Estamos viviendo quizás la crisis más grande que ha tenido un gobierno de izquierda en democracia, desde el Caso Caval que involucró al hijo de la presidenta Bachelet en su segundo mandato, o el MOP Gate que salpicó al yerno del presidente Lagos. Nada de eso se compara a la bomba racimo que se dejó caer inesperadamente a metros de la oficina presidencial, en el palacio de La Moneda, instalando una de las mayores expresiones de violencia de género: la violación.

Al margen de la crisis política que esto generó, somos testigos de que el machismo está manifestándose en diversas formas y variables, desde micromachismos enquistados en el discurso hasta la arrogancia patriarcal pura y dura de parte de algunas autoridades (incluyendo mujeres), personeros varios que actúan de opinólogos de ocasión y casi la totalidad de los medios de comunicación.

No basta haberse proclamado un gobierno feminista para que, ante esta acusación, afloren sesgos y estereotipos que dan mérito a pensar que “tal vez, quizá, puede ser”,  lo denunciado tiene una justificación.

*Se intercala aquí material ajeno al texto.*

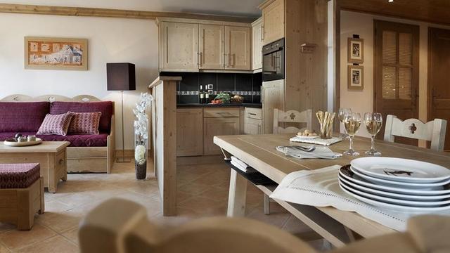 Résidence de prestige : 52 appartements confortables et bien équipés, répartis dans un chalet savoyard en arc de cercle avec vue panoramique. Sur place : piscine intérieure chauffée, bains bouillonnants, saunas, hammams et salle de cardio-training. Soins et massages disponibles en supplément au Spa d’altitude.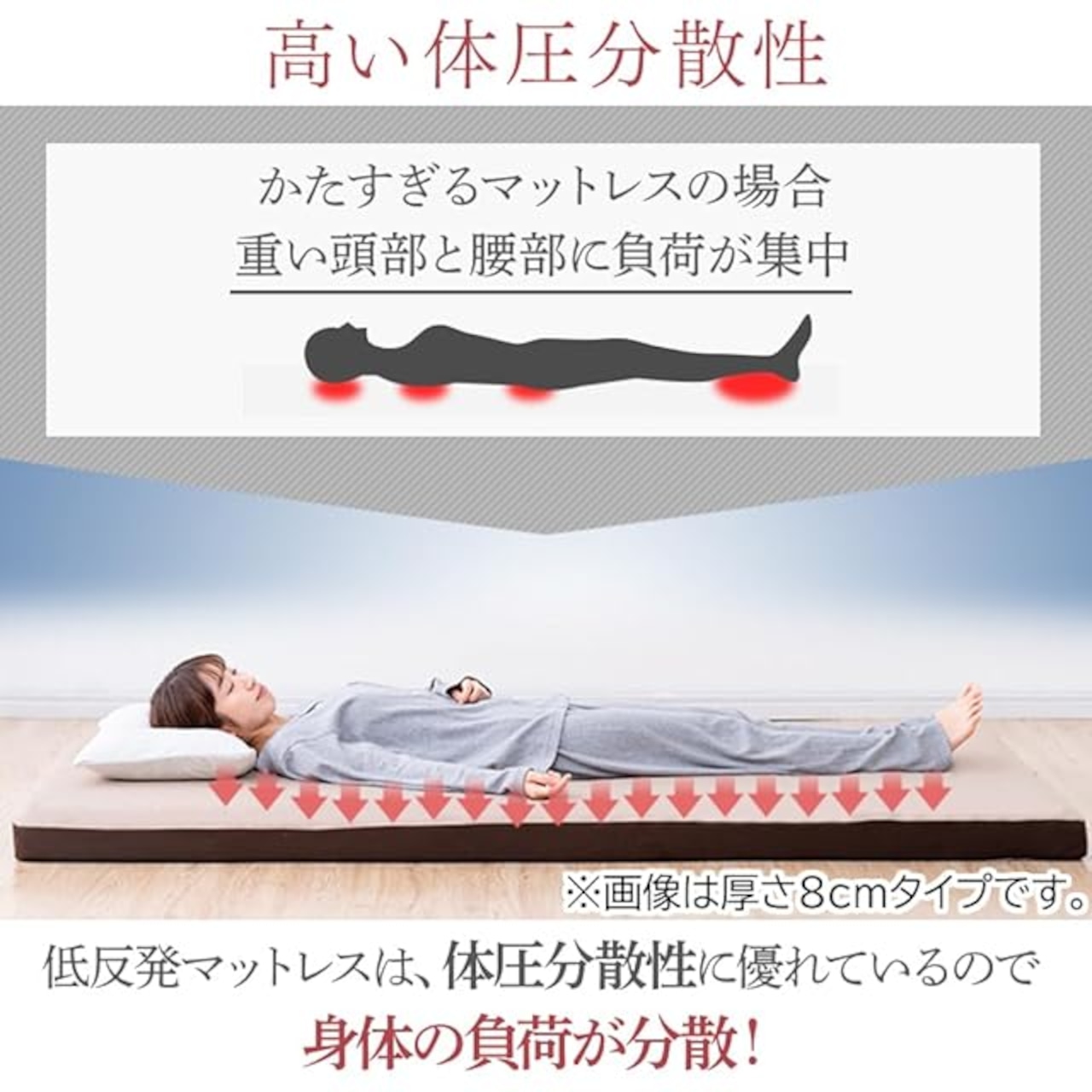 【じんわり包み込むやさしい寝心地、低反発】くせになる身体にフィットする気持ち良さ。高い体圧分散性と包み込まれるような寝心地。寝返りなどの揺れをやさしく吸収。やわらかめの65N。

¿De qué sirven las vocerías femeninas cuando éstas buscan explicar lo inexplicable, viéndonos a la cara a nosotras, ciento de miles que hemos sido víctimas de abuso en todos sus grados y manifestaciones?

Me duele observar y constatar que parece ser que no hemos avanzado nada. Dedicar nuestras horas mujer en sesudas reuniones de trabajo para diseñar protocolos frente al acoso y el abuso, debatir e instalar políticas públicas que garantizan poder salir solas a tomar la micro, a pasear con las amigas, a ver una película y llegar tarde, sin temor a que te ocurra algo. Cientos de papers revisados y experiencias internacionales comparadas, una nueva institucionalidad concretada en un ministerio y lideresas que han abierto caminos, para que al final del día te digan: “no debió haberse tomado dos pisco sour”, como sucedió en su momento con Antonia  Barra.

Me rebela que una decisión demore 48 horas en tomarse y que no se dé una explicación plausible, partiendo por la máxima autoridad de la nación, quien, desde una asimetría de poder, reprende en público a su jefa de comunicaciones cuando la debacle estaba en ciernes. El pedir perdón en privado, como se dijo que hizo después, tiene cero validez ante la humillación televisada en directo.

Hoy podríamos mirar esta crisis como cualquier otra en política, con la diferencia que hay detrás una víctima, lo que marca una diferencia sustancial.

Cuántos se han preguntado ¿Cómo lo está pasando ella, su familia, sus compañeras de trabajo, amigas y hermanas? Me gustaría sobre todo pedirle perdón por todos aquellos que la han vapuleado, apuntado y murmurado.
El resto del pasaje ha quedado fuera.